PROBLEM TO WORK ON:
Could you write out every record below exactly, leaving the pictures out?
Top of INFORMATION PROVIDED
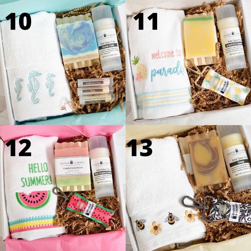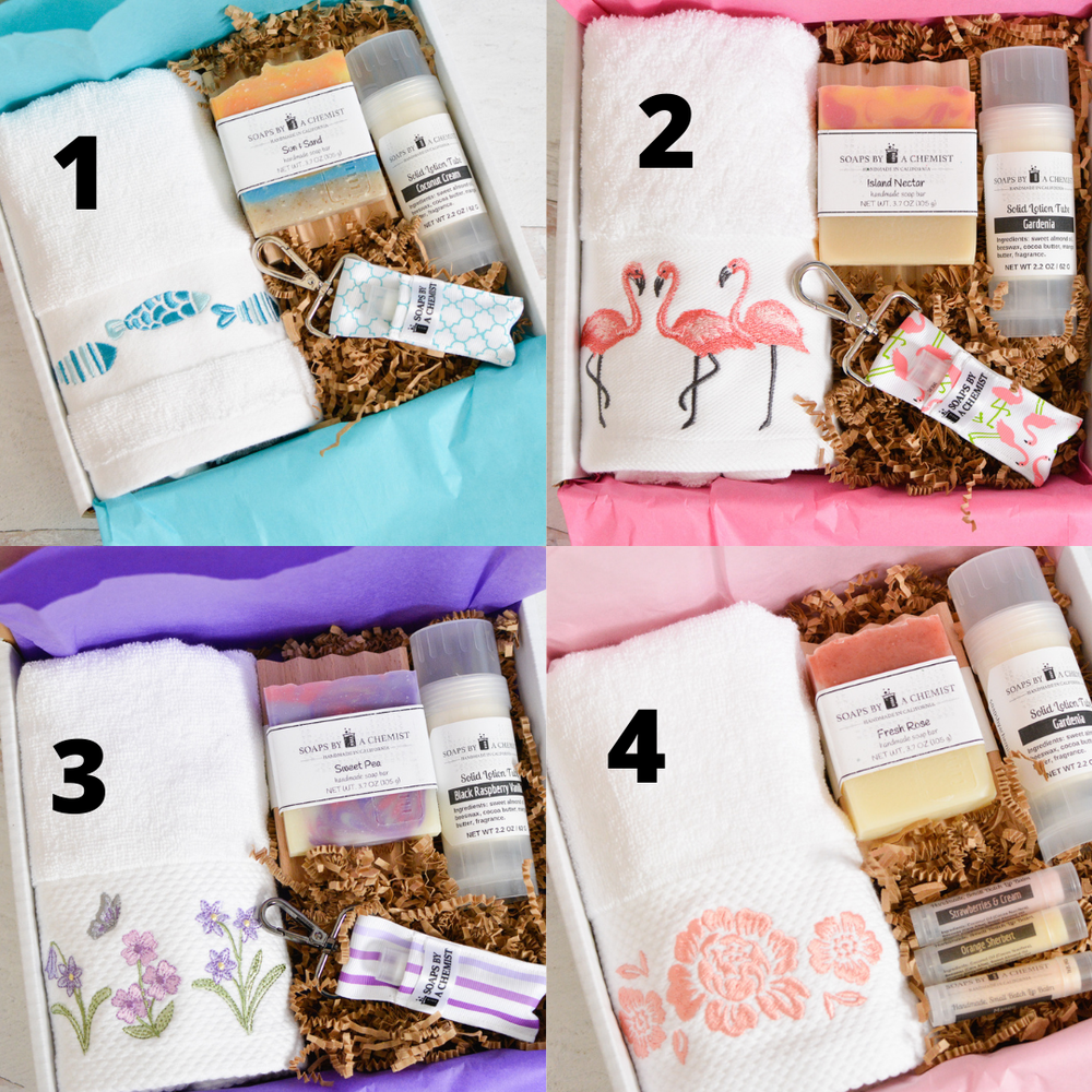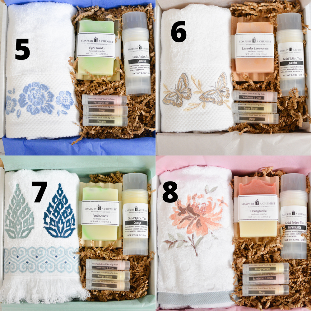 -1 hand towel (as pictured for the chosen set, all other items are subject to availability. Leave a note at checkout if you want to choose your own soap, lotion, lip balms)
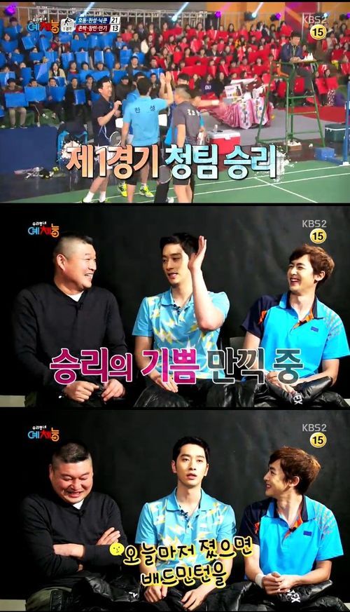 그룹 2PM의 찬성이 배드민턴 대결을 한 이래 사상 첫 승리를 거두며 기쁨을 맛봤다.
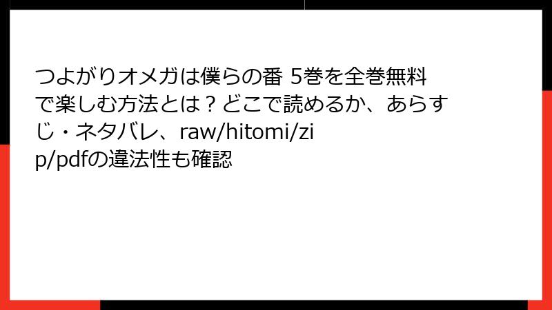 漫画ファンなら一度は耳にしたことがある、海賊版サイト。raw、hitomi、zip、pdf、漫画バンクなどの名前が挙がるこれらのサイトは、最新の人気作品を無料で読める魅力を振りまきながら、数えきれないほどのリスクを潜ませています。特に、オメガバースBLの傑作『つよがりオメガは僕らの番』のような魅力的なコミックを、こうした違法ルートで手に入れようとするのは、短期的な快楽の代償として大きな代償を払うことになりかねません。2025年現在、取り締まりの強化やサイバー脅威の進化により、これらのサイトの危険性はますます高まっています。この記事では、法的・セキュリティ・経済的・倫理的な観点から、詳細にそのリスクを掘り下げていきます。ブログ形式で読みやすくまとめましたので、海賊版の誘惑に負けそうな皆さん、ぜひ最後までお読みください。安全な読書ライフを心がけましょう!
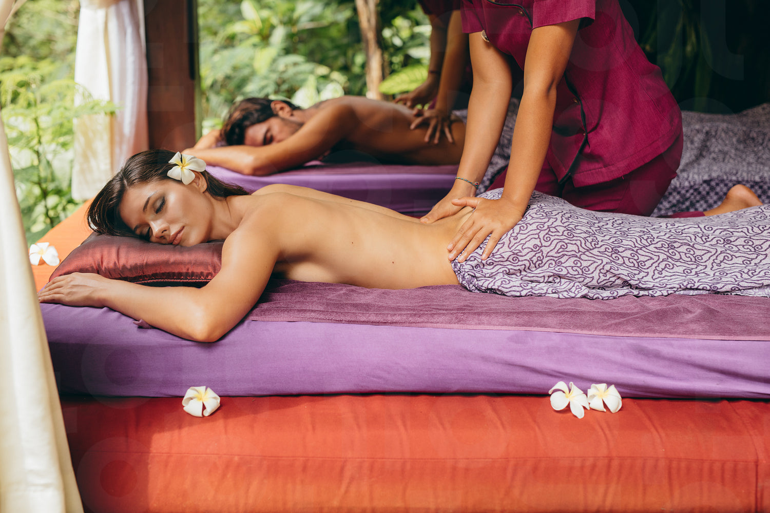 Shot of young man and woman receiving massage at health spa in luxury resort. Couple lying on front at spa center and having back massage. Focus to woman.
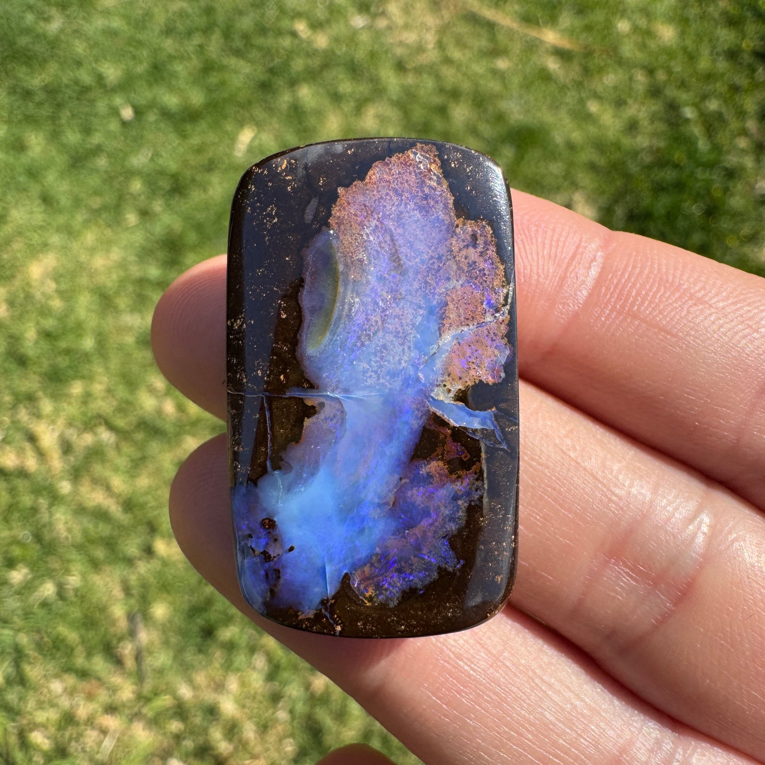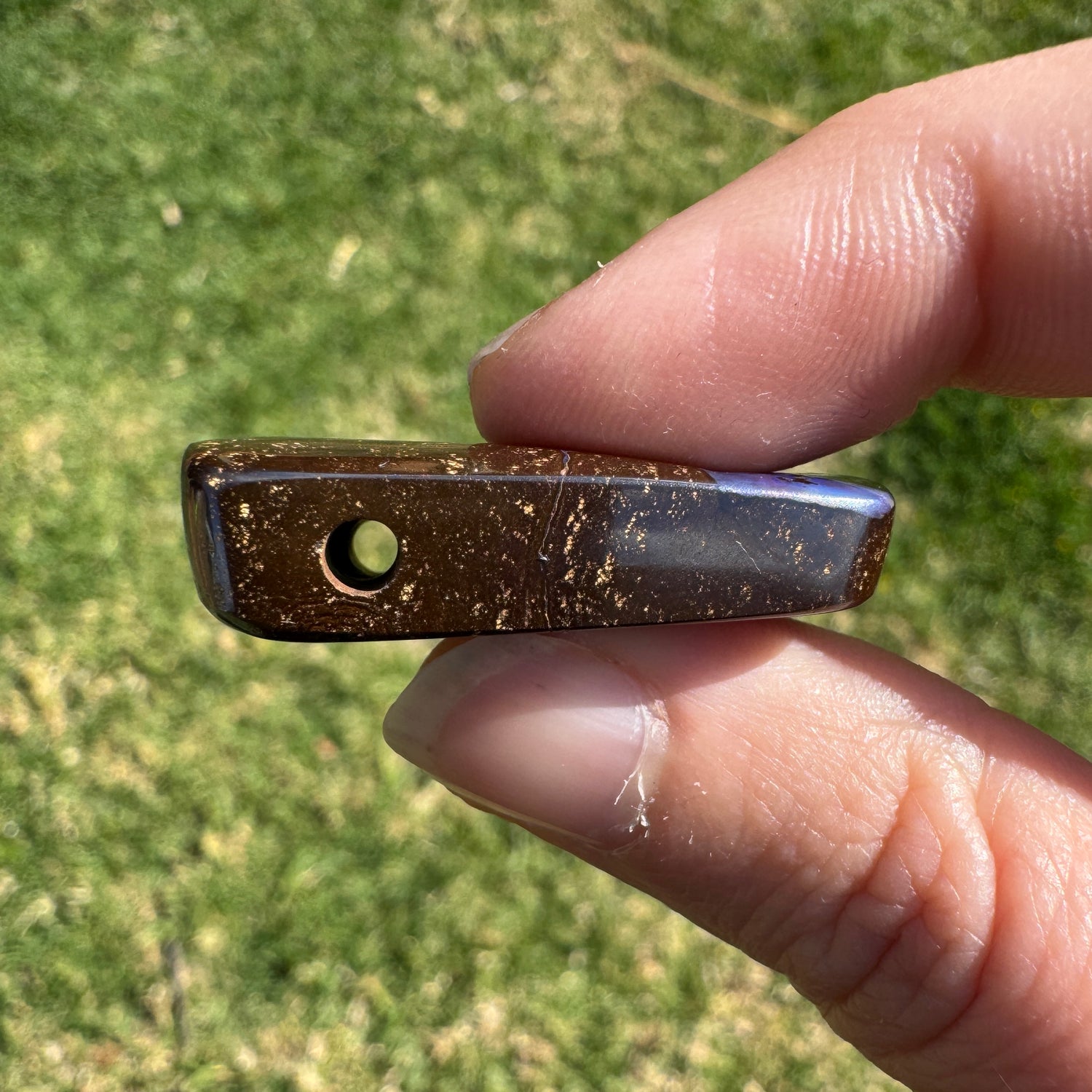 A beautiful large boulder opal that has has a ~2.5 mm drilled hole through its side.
Bottom of INFORMATION PROVIDED
YOUR RESPONSE:
 -1 hand towel (as pictured for the chosen set, all other items are subject to availability. Leave a note at checkout if you want to choose your own soap, lotion, lip balms)
 그룹 2PM의 찬성이 배드민턴 대결을 한 이래 사상 첫 승리를 거두며 기쁨을 맛봤다.
 漫画ファンなら一度は耳にしたことがある、海賊版サイト。raw、hitomi、zip、pdf、漫画バンクなどの名前が挙がるこれらのサイトは、最新の人気作品を無料で読める魅力を振りまきながら、数えきれないほどのリスクを潜ませています。特に、オメガバースBLの傑作『つよがりオメガは僕らの番』のような魅力的なコミックを、こうした違法ルートで手に入れようとするのは、短期的な快楽の代償として大きな代償を払うことになりかねません。2025年現在、取り締まりの強化やサイバー脅威の進化により、これらのサイトの危険性はますます高まっています。この記事では、法的・セキュリティ・経済的・倫理的な観点から、詳細にそのリスクを掘り下げていきます。ブログ形式で読みやすくまとめましたので、海賊版の誘惑に負けそうな皆さん、ぜひ最後までお読みください。安全な読書ライフを心がけましょう!
 Shot of young man and woman receiving massage at health spa in luxury resort. Couple lying on front at spa center and having back massage. Focus to woman.
 A beautiful large boulder opal that has has a ~2.5 mm drilled hole through its side.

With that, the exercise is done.